Monday, February 16, 2009

Empty signifier(s)

Building on structuralist theories of language Laclau wants to convince us that in language there exist "empty signifiers". These are not signifiers without signifieds, which would not be signifiers at all, but signifiers which signify the constitutive impossibility of signifying. If - so Laclau argues - all identities in language are differential identities then the signifying of the borders of signifying would imply a distinction between language and non-language, would become another distinction and therefore part of language. But, as Hegel noted, to think the borders of a phenomenon is to go beyond these borders - and the signifying of the borders of language is therefore a signifying beyond the field of language - so there is an inherent impossibility of closure of language as a system, which is expressed in empty signifiers. There are a couple problems with such a formulation. First of all Saussure never claimed that all of language is based on purely differential identity, merely the signifier (the only identity the word "dog" has is that it is neither "god" nor "hog" nor "drag" nor "empiricism" ...) and even in this form the argument is problematic, as Plato had already shown in Kratylos (and as Poe demonstrated in the onomatopoeic lines: "A silken, sad uncertain rustling"). To top it of Saussure's "la langue" is an abstraction, a system of language that the linguist constructs, not an empirically existing system. It is already a concept, abstracted from the origins of language in mimesis (that the Greek alphabet was in its most archaic form mimetic bears testimony to that, so do the many instances of hieroglyphic writing). If there is an inherent impossibility of signifying to fully constitute itself, it is an impossibility the linguist, not the speaker faces. To add to the confusion Laclau has been unable to give a satisfactory example of an empty signifier. His examples include "emancipation" and "democracy", but these are merely contested and ambiguous concepts, they are by far not "empty".
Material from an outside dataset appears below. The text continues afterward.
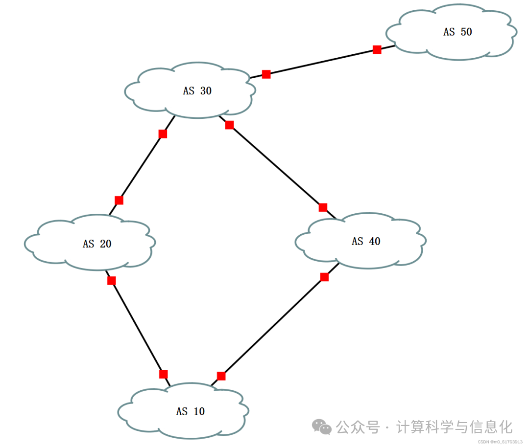 BGP 更新源 BGP并不能主动在网络中寻找邻居,必须手工指定BGP邻居的地址,那么BGP才会将数据包发往指定的地址来请求建立邻居。 与此同时,BGP发出的请求数据包除了写明目标IP地址外,还要写上自己的IP地址,即BGP源地址。 路由器自己产生流量后从接口发出时,流量从哪个接口被发出,那么这些数据包的源IP地址就是哪个接口的地址。 因此当BGP发出数据包寻找邻居时,这些数据包从那些接口被发出,那么BGP源IP地址就是哪个接口的地址。 要两台BGP路由器要正常建立邻居,必须双方路由器都相互指定邻居,相互发送数据包才行。 当一台BGP路由器收到建立邻居的请求后,如果发现数据包的目标IP不是自己的BGP源地址。 那么就拒绝该连接的请求后,只有当请求数据包的目标与自己的BGP源地址相同时,才可建立BGP邻居。 需要注意的是,这个条件只在两个邻居之间,任意一个邻居满足条件即可,并不需要双方都满足; 也就是说一方收到的数据包目标IP与自己的BGP源地址相同即可; 另一方收到的数据包目标IP与它的BGP源地址不同也没关系,只要单方面符合条件就行,但我们通常都将BGP两端的源与目标保持一致。 BGP 的源地址是可以随意更改的,但只能是路由器上的接口地址。如下图:  在上图中,R1与R2之间有两条链路。 当配置BGP邻居时,如果R1指定邻居地址为12. 1.1.2, R2指定邻居地址为12. 1.1.1。 那么在建立邻居过程中,R1 将请求数据包从接口F0/0发出,数据包的目标IP为12. 1. 1.2, BGP 源地址为F0/0的接口地址12. 1.1.1。 当R2将请求数据包从接口F0/0发出时,数据包的目标IP为12.1. 1.1, BGP 源地址为F0/0的接口地址12. 1.1.2。 由于R1发出的数据包目标IP12. 1.1.2与R2的BGP源地址12. 1. 1.2完全相同,所以最终能够正常建立BGP邻居。 R1在检测地址时,R2的目标IP与R1的源也完全相同,通常我们都保证双方一致。 当R1与R2之间的直连接口F0/0中断后,如果双方将数据包从S0/0发出,那么R1的源地址就是10. 1. 1.1, R2的源地址就是20. 1.1.2; 由此可以看出,双方发出的数据包的目标IP都与对方的源地址不符,所以无法建立BGP邻居。 虽然在上面的网络环境中,双方路由器之间都拥有多条链路,在中断某条链路之间,仍然可以通信,但是这并不能保证BGP邻居的永久连接。 为了使拥有多条链路的BGP邻居之间永远保持连接,考虑到路由器的loopback口在设备正常工作的情况下,不会像物理接口那样出现中断,所以建议在BGP邻居之间使用loopback 接口的地址来建立TCP连接。 当指定邻居时,不再将邻居的地址指定为对方物理接口地址,而改为指定对方的loopback地址。 这样一来,既然物理接口中断,只要还有通畅的链路,那么BGP邻居仍然可以保持连接。 在将BGP邻居地址指定为对方loopback地址时,为了使数据包的目标IP与对方的BGP源地址相同,所以邻居也要将BGP源地址更改为自己的loopback接口地址,从而使得双方正常建立BGP连接。 在上图中,当R1指定邻居地址为2.2.2.2,BGP 源地址为1.1.1.1, 而R2指定邻居地址为1.1.1.1, BGP源地址为2.2.2.2,这样一来,双方的目标IP都与对方的BGP源地址相同。 所以可以正常建立邻居,并且在双方链路中,任何一条链路断开,都不影响邻居的会话,BGP 的连接仍然保持而不会中断,实现了连接的冗余性和稳定性。 BGP TTL BGP的路由可能会从一个AS发往另外一个AS,从而穿越多个AS。 但是由于运行BGP的网络会是一个很大的网络,路由从一个AS被发出,可能在经过转发之后,又回到了开始的AS之中,形成路由环路。 所以出于防止环路的目的考虑,BGP 在将路由发往其它AS时,也就是发给eBGP邻居时,需要在路由中写上自己的AS号码。 下一个 AS收到路由后,再发给其它AS时,除了保留之前的AS号码之外,也要添加上自己的AS号码。 这样写在路由中的AS被称为AS -path,如果BGP收到的路由的AS_ PATH中包含自己的AS号码,就认为路由被发了回来,以此断定出现了路由环路,就会丢弃收到的路由。 BGP只有在将路由发给eBGP时,才会在AS- path中添加自己的AS号码,而在发给iBGP时,是不会添加AS号码的。 因为iBGP邻居在同一个AS中,即使要添加,AS 号码全是一样的,所以没有必要。  在上图中,当路由穿越各个AS时,所有发给eBGP邻居的路由,都会在AS-path中添加自己的AS,自己的AS总是添加在AS-path的前面。 例如: 一条路由从AS10被发往AS 20,则AS-path为“10”,当AS 20 将路由发往AS 30时,添加上自己的AS号码20之后,AS- path变成“20, 10”,当AS 30将路由发往AS 50时,AS 50收到的路由的AS-path为“30, 20, 10”。 当AS 30将路由发给AS 40, AS 40再将路由发给AS 10时,路由的AS- path为“40, 30,20, 10”; 由于AS 10 在收到路由后,发现AS- path中包含自己的AS号码10,所以认为出现环路,便丢弃收到的所有路由。 在IGP协议中,我们将路由协议分成两大类:距离矢量路由协议和链路状态路由协议,而BGP被划分为路径矢量路由协议(path-vector routing) ,路径矢量算法结合了距离矢量特性与AS- path防环特性。 因为BGP在将路由发给eBGP邻居时,会将自己的AS号码添加到AS- path中,所以可以以此来防止环路。 而在将路由发给iBGP时,是不会往AS -path添加AS号码的,因此在iBGP之间传递路由时,没有防止环路的机制。 考虑到为iBGP之间的路由传递也加入防环机制,因而强制将BGP路由在AS内部只传一跳。 具体操作为: 一台BGP路由器从eBGP邻居收到路由,发给iBGP邻居之后,iBGP邻居收到后就不能再传给其它任何iBGP邻居,只能传递给eBGP邻居。 此规则被多数人称为BGP的水平分割

The solution of the riddle of the empty signifier is provided by Adorno. In his lectures on Ontology and dialectics he also comes upon the inherent impossibility of signifying. But for him it is not a problem of the linguist, he sees this inherent impossibility in the fact that the concept, which is an abstraction, can never fully grasp, can never fully represent, or signify, its object. In Kant this impossibility is pushed aside in the idea of the infinitely heterogeneous "Ding an sich" - and the price he has to pay is that the object and the subject are radically sundered, objects becoming merely the infinitely malleable raw material for mind to work with - Hegel on the other hand relegates the problem to totality. But it was Heidegger who tried to solve the problem with reference to an empty signifier. As Adorno argues in his lectures, the concept of Being is at once the ultimate concept, aiming to signify everything - nuomena as well as phaenomena - thereby erasing the distance between concept and object, but at the same time it is the ultimate anti-concept, beacause as the highest form of abstraction it is the least able to signify anything particular. The concept of being is the empty signifier. Laclau erroneously talks about empty signifiers in the plural and he has an instinctive understanding of the matter, because the examples he gives are very much abstract. What he fails to see is that his examples represent only a move toward the empty signifier, the signifier signifying the limits of signification, which is to be found only at the highest level of abstraction in the concept of Being as Heidegger formulated it. But the limits of signification are not inherent to language as a sytem, they spring from the relationship between subject and object (Laclau's philosophy knows neither), the grinding of mind on matter, which it can never fully grasp. It is no wonder then that Laclau in a lecture he had on Saturday here in Ljubljana, tried to erase both nuomena and the Frankfurt school from the history of modern philosophy.